DATA –
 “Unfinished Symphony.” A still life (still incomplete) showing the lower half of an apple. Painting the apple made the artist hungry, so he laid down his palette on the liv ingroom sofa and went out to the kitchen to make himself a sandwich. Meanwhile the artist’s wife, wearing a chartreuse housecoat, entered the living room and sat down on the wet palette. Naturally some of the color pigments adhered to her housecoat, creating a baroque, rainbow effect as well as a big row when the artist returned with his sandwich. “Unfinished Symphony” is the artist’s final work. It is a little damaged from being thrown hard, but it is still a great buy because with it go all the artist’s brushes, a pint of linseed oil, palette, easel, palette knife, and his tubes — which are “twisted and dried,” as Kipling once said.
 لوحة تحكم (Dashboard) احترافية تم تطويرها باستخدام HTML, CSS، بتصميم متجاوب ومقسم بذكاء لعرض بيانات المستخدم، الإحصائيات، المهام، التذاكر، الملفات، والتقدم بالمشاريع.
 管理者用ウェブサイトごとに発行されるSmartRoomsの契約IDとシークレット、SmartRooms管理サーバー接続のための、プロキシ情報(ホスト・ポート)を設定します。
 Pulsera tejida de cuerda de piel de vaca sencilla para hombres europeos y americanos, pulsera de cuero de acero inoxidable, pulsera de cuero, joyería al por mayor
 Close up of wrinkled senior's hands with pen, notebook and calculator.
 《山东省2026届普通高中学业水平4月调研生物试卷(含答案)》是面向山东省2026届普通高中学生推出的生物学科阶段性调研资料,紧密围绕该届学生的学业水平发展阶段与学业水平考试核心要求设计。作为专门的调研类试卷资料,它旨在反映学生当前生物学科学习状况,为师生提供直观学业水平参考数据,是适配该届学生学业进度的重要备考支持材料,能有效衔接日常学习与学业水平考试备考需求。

--

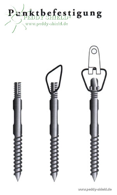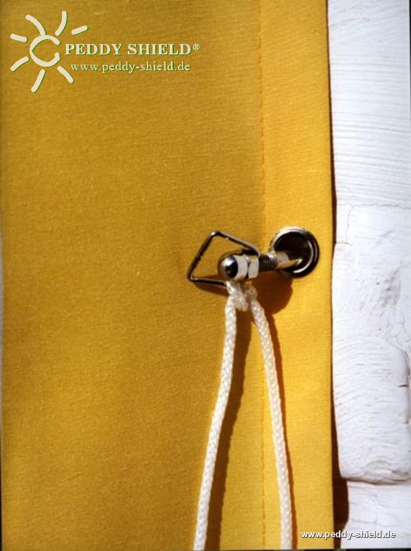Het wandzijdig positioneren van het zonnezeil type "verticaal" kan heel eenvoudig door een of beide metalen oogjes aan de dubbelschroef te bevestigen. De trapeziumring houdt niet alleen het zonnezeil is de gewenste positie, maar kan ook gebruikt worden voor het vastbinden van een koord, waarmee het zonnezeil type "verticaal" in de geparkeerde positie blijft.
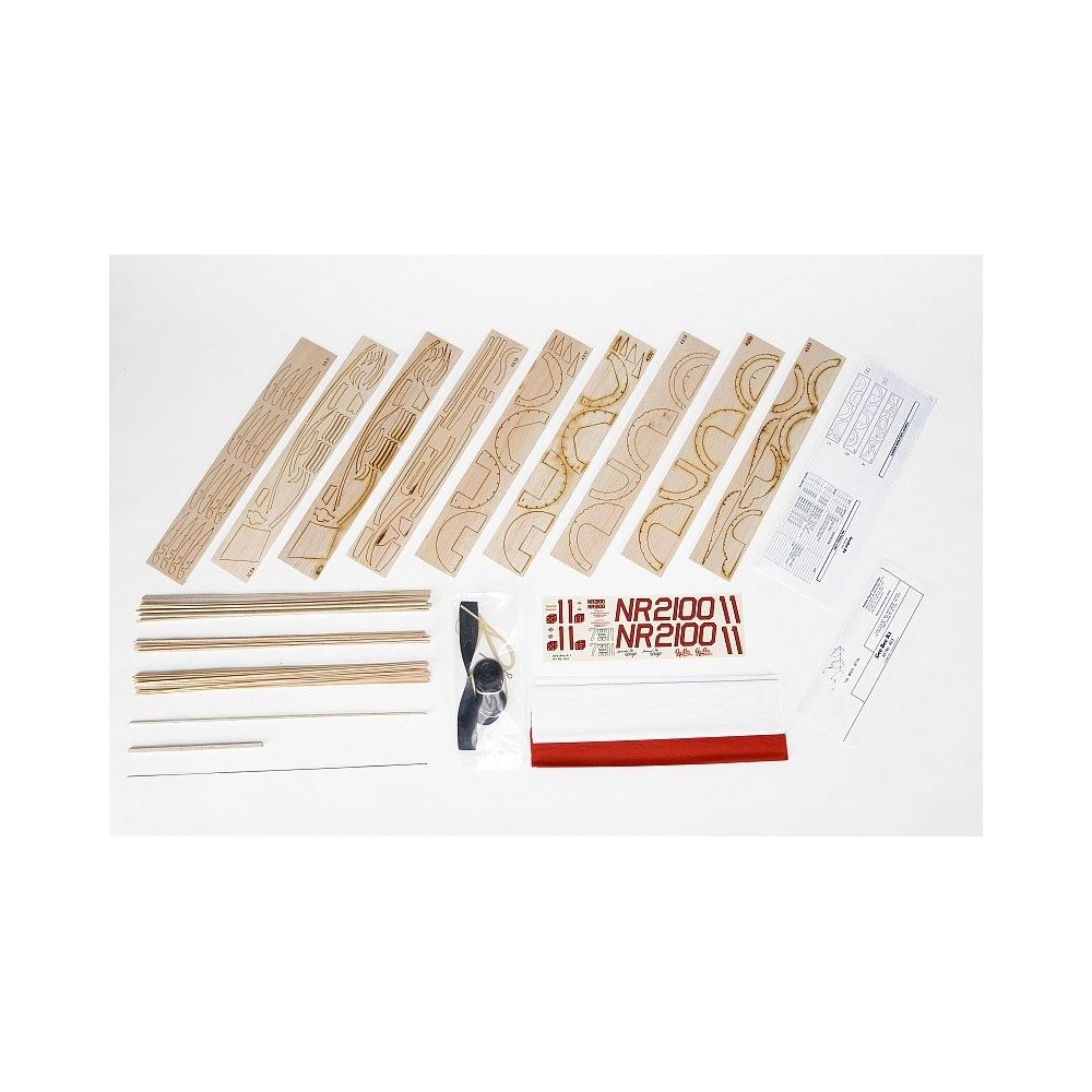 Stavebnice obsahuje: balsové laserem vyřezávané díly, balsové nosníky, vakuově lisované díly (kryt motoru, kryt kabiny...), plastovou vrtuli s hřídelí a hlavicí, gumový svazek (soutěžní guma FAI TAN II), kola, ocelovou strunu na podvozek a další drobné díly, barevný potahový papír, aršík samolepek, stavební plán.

DIRECTIONS –
Within the listing above, the lines from the one with "Het wandzijdig positioneren" through the one with "Stavebnice obsahuje: balsové" are to be given again word for word. Do not include pictures.

RESULT OF THIS EXERCISE –
Het wandzijdig positioneren van het zonnezeil type "verticaal" kan heel eenvoudig door een of beide metalen oogjes aan de dubbelschroef te bevestigen. De trapeziumring houdt niet alleen het zonnezeil is de gewenste positie, maar kan ook gebruikt worden voor het vastbinden van een koord, waarmee het zonnezeil type "verticaal" in de geparkeerde positie blijft.
 Stavebnice obsahuje: balsové laserem vyřezávané díly, balsové nosníky, vakuově lisované díly (kryt motoru, kryt kabiny...), plastovou vrtuli s hřídelí a hlavicí, gumový svazek (soutěžní guma FAI TAN II), kola, ocelovou strunu na podvozek a další drobné díly, barevný potahový papír, aršík samolepek, stavební plán.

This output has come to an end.